Directions: Transcribe exactly the lines from the top of the records below through the line that holds "Чарада әзерлек төркемнәренә", both included, with no pictures.
########################################
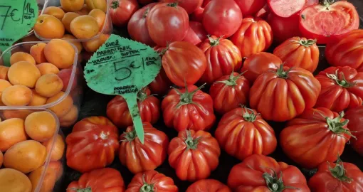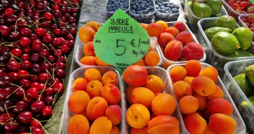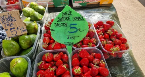 Kilogram paradajza (Volovsko srce) u Ljubljani košta pet eura, kao i jedna korpica jagoda. Kilogram kajsija možete kupiti za 7 eura, dok bi za kilogram trešanja morali izdvojiti devet eura. Ostatak cijena možete pogledati u našoj galeriji.
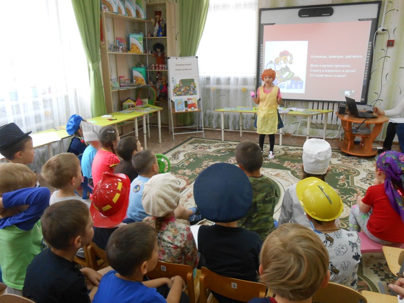 Чарада әзерлек төркемнәренә йөрүче балалар (тәрбиячеләр О.В. Лашманова һәм А.А. Семенова) катнашты. Китапханәче “Һөнәр” сүзенең мәгънәсен аңлатты, китаплар һәм журналлар белән таныштырды. "Төрле һөнәрләр", "Нәрсә артык," “Табылдык предметлар” уеннары аша балалар төрле хезмәт төрләре турында якынрак белделәр. Балалар үзләре дә төрле һөнәр вәкилләре кебек киенделәр, шигырьләр укыдылар. Чара ахырында "Барлык һөнәрләр дә кирәк, барлык һөнәрләр дә мөһим" дигән мультфильм каралды.
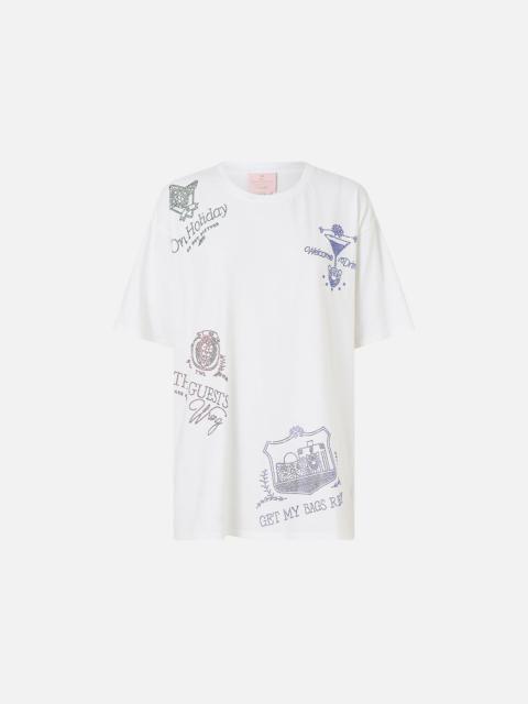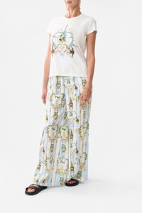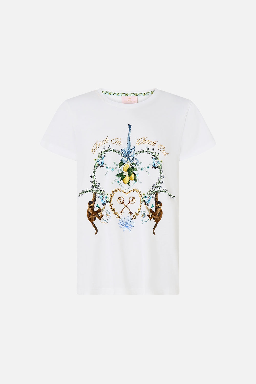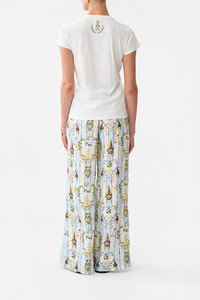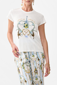 Designed in Australia, The Venus On A Vespa Slim Fit Round Neck T-Shirt exudes placid blue skies amid ornate archways and gilded borders, a collection reimagining intricate illustrations by Lezio Lopez. Lovingly handcrafted, this luxurious graphic t shirt features a slim fit throughout the body that falls to a hip length hemline. The lush short sleeves echo the slim silhouette adding a feminine element to this elevated staple piece. - Slim Fit T-Shirt - Round Neckline - Rib Neckline Bind - Crystal Embellishment SKU 00037988-SICILYSL-XXS Size and Fit Designed as a slim fit, take your normal size Fabric and Care SHELL- 100% COTTON, CONST- 96% COTTON 4% ELASTANE
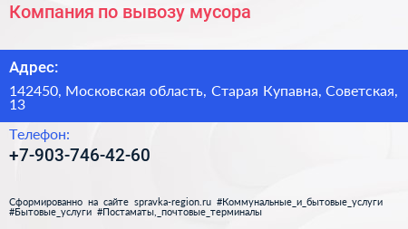 Компания по вывозу мусора по адресу 142450, Московская область, Старая Купавна, Советская, 13 в дальнейшем Организация, размещена в следующих категориях:
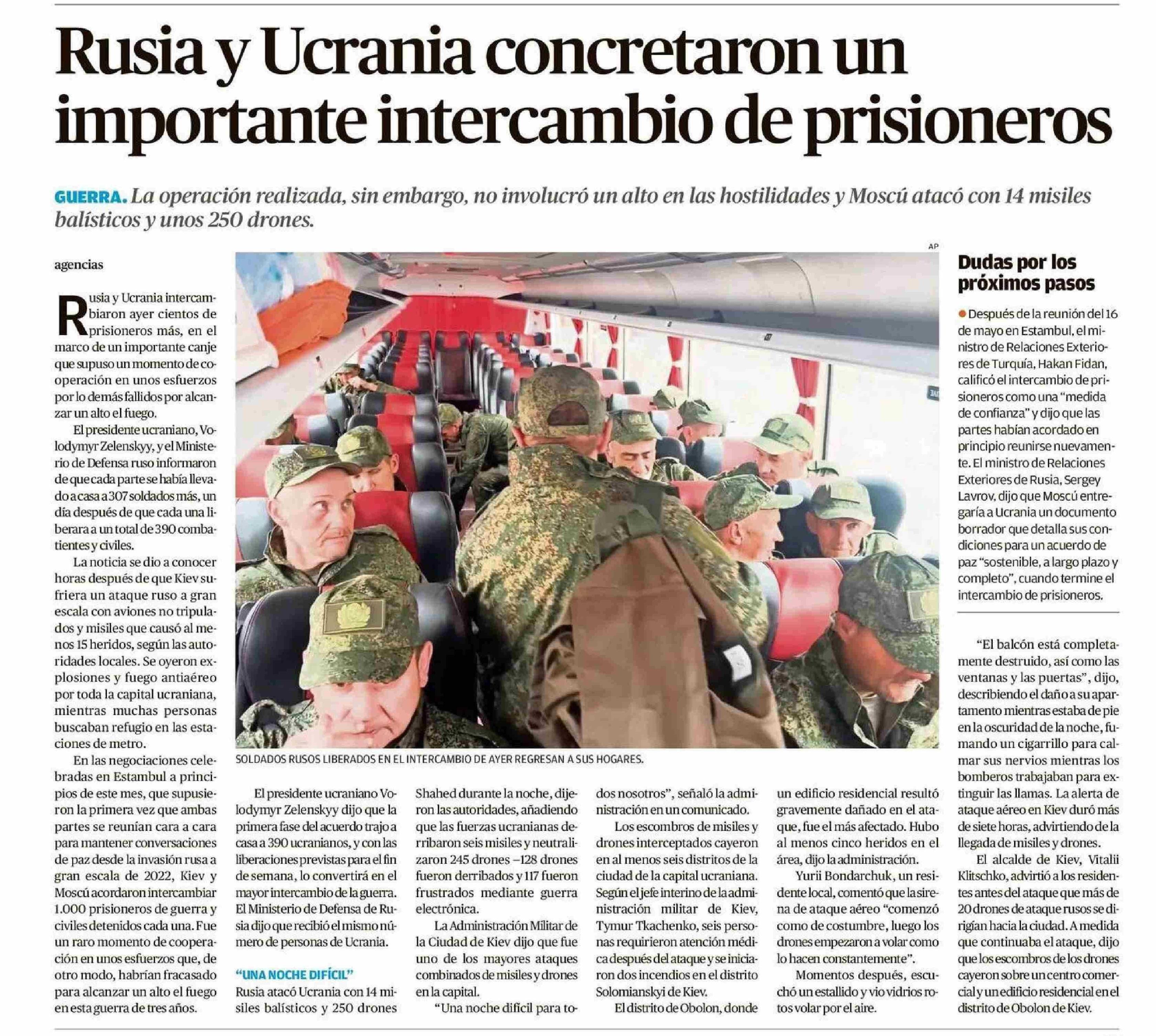 Rusia y Ucrania concretaron un importante intercambio de prisioneros 25-05-2025 Diario Austral Región de Los Ríos |
########################################
Answer:
 Kilogram paradajza (Volovsko srce) u Ljubljani košta pet eura, kao i jedna korpica jagoda. Kilogram kajsija možete kupiti za 7 eura, dok bi za kilogram trešanja morali izdvojiti devet eura. Ostatak cijena možete pogledati u našoj galeriji.
 Чарада әзерлек төркемнәренә йөрүче балалар (тәрбиячеләр О.В. Лашманова һәм А.А. Семенова) катнашты. Китапханәче “Һөнәр” сүзенең мәгънәсен аңлатты, китаплар һәм журналлар белән таныштырды. "Төрле һөнәрләр", "Нәрсә артык," “Табылдык предметлар” уеннары аша балалар төрле хезмәт төрләре турында якынрак белделәр. Балалар үзләре дә төрле һөнәр вәкилләре кебек киенделәр, шигырьләр укыдылар. Чара ахырында "Барлык һөнәрләр дә кирәк, барлык һөнәрләр дә мөһим" дигән мультфильм каралды.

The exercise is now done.